I also checked the xyz file suggested by the mace tutorial for MD22 test: md22_double-walled_nanotube.zip, it also shows the key word of "energy" and "forces", so looks like for xyz file it is common to use those keyword, then why mace keep asking for different keywords?

ilyes319 commented 1 month ago

There is a recent change to ASE that breaks a lot of compatibility with existing datasets. It is no longer recommanded in ASE to use "forces" and "energy" to store results in dataset, and previous datasets are doing that because it used to not be the case. We encourage renaming your keys from "forces" to "REF_forces" and "energies" to "REF_energies" of any dataset that you are using.

mofeilu commented 1 month ago

thanks for the clarification! so for now both keywords "forces" and "REF_forces" works in the latest main branch version?

gabor1 commented 1 month ago

@ilyes319 let's make the warning message more verbose. something like what you wrote above. "Since ASE version XXX, using "energy" and "forces" is no longer safe when communicating between ASE and MACE. We recommend you use different keys in your XYZ files.

gabor1 commented 1 month ago

And also add that "you need to use the options --xxxx and --yyyy to tell MACE what key names you have chosen"

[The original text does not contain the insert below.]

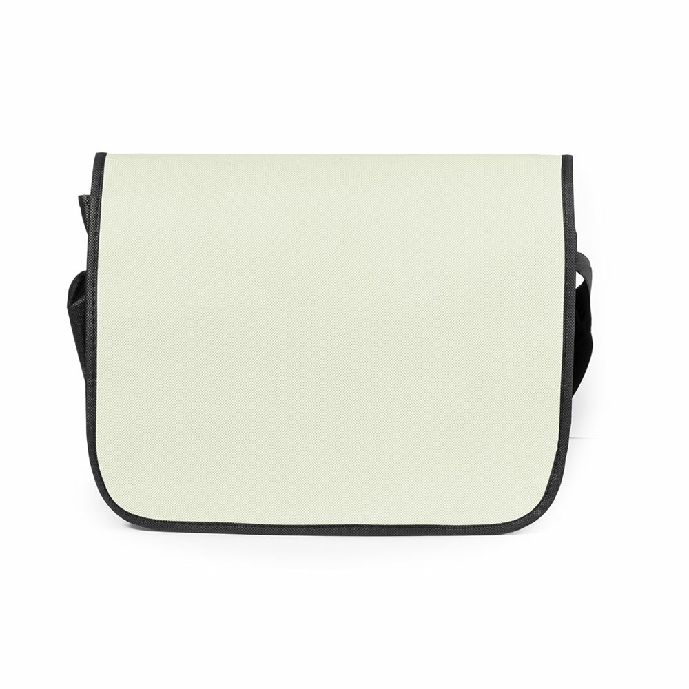 Non-Woven-Dokumententasche aus robustem Faservlies mit Klettverschlussklappe und eleganter schwarzer Paspel. Mit innenfächern für Stifte.
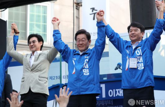 [천안=뉴스핌] 김학선 기자 = 더불어민주당 이재명 대선 후보가 25일 오후 충남 천안 신부문화거리 유세장에서 유권자들의 지지를 호소하고 있다.2025.05.25 yooksa@newspim.com |

mofeilu commented 1 month ago

yes, I saw that if I change the keywords in the .xyz file, I also need to change the option --forces_key in the run script. It can be confusing to users

ilyes319 commented 1 month ago

@ilyes319 let's make the warning message more verbose. something like what you wrote above. "Since ASE version XXX, using "energy" and "forces" is no longer safe when communicating between ASE and MACE. We recommend you use different keys in your XYZ files.

@gabor1 Ok I have done that, merging to main.